### Collected material:
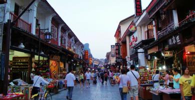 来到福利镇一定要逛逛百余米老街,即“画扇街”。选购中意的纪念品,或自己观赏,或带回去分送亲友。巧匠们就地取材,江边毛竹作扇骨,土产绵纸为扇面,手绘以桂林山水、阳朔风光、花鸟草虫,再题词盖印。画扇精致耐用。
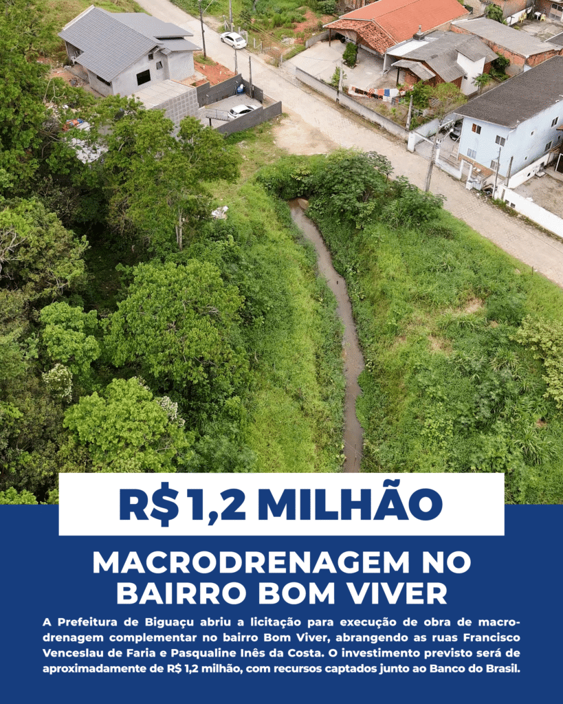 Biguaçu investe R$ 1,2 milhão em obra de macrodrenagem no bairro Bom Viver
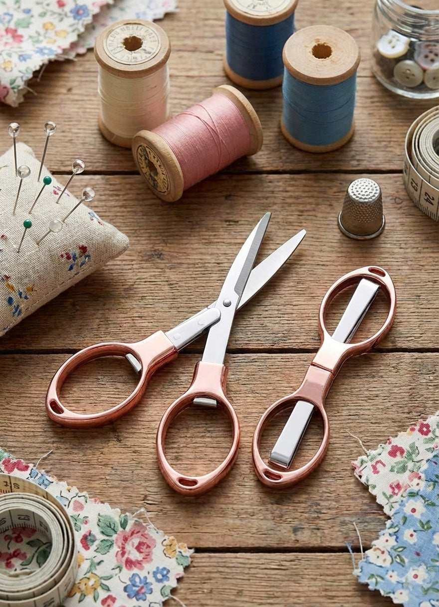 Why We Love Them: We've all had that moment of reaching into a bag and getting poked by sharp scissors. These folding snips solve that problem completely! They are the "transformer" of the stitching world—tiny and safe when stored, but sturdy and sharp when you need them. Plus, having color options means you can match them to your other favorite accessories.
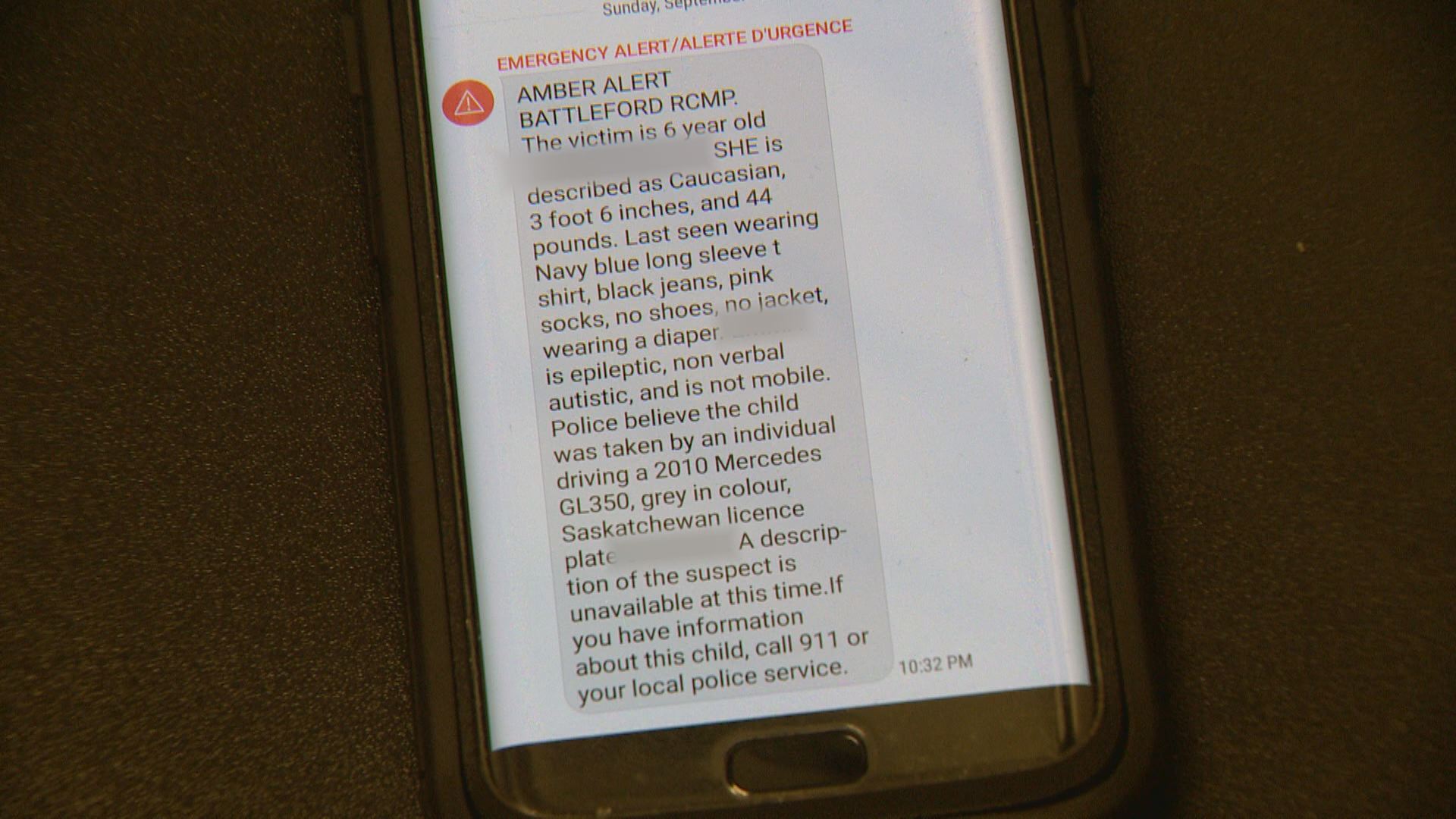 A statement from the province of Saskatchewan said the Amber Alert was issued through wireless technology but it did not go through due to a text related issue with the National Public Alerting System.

### Exercise:
Could you return, word for word, every line from the line with "Biguaçu investe R$" through the last line of the listing above, both ends included, without any pictures?

### Reply to the task:
 Biguaçu investe R$ 1,2 milhão em obra de macrodrenagem no bairro Bom Viver
 Why We Love Them: We've all had that moment of reaching into a bag and getting poked by sharp scissors. These folding snips solve that problem completely! They are the "transformer" of the stitching world—tiny and safe when stored, but sturdy and sharp when you need them. Plus, having color options means you can match them to your other favorite accessories.
 A statement from the province of Saskatchewan said the Amber Alert was issued through wireless technology but it did not go through due to a text related issue with the National Public Alerting System.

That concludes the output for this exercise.